Publix Super Market’s sales and earnings rose in the second quarter despite a calendar shift in the timing of the Easter calendar.

The grocer’s net income rose to 24.5% to $616.2 million, or 84 cents per share, from $495.1 million, or 65 cents per share, in the year-ago period. Publix noted that earnings were boosted by a decrease in the federal statutory income tax rate, from 35% to 21%, when the new tax law went into effect this year, as well as by a new accounting standard.

Sales rose 4% to $8.4 billion. Comparable-store sales rose 1.7%, with a negative impact of 1.2% from the Easter holiday being in the first quarter in 2018 versus in the second quarter last year, the company noted.

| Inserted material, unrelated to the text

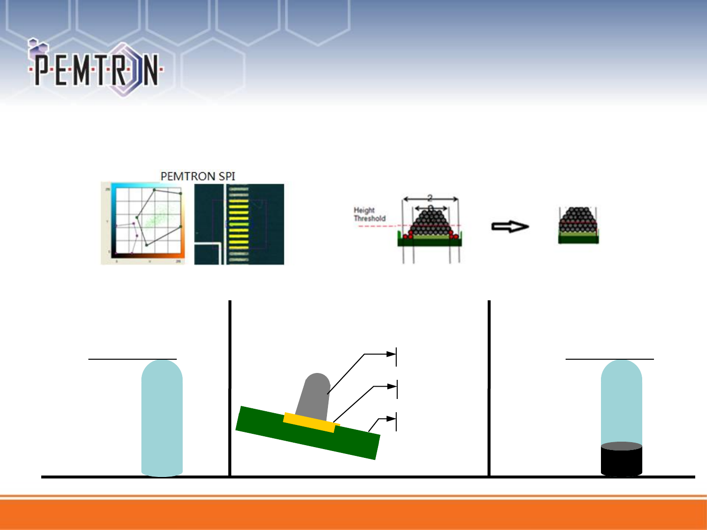 2D 算法 ( 彩色抽取算法 ) 参考面的识别 锡膏面的识别 PEMTRON 独特的彩色抽取算法,能识别 PCB 绿油,丝印,铜箔,锡膏 .

As of Aug. 1, Publix’s stock price rose from $41.75 per share to $42.55 per share. (The company’s stock is not publicly traded and is sold only to current associates and members of its board of directors.)

“Since the beginning of the year, our stock price has increased from $36.85 to $42.55, over 15%,” Todd Jones, president and CEO of Publix, said in a statement. “Our associates deserve the credit for continuing to make us a leader in customer service.”

Publix operates 1,190 stores throughout Florida, Georgia, Alabama, Tennessee, South Carolina, North Carolina and Virginia.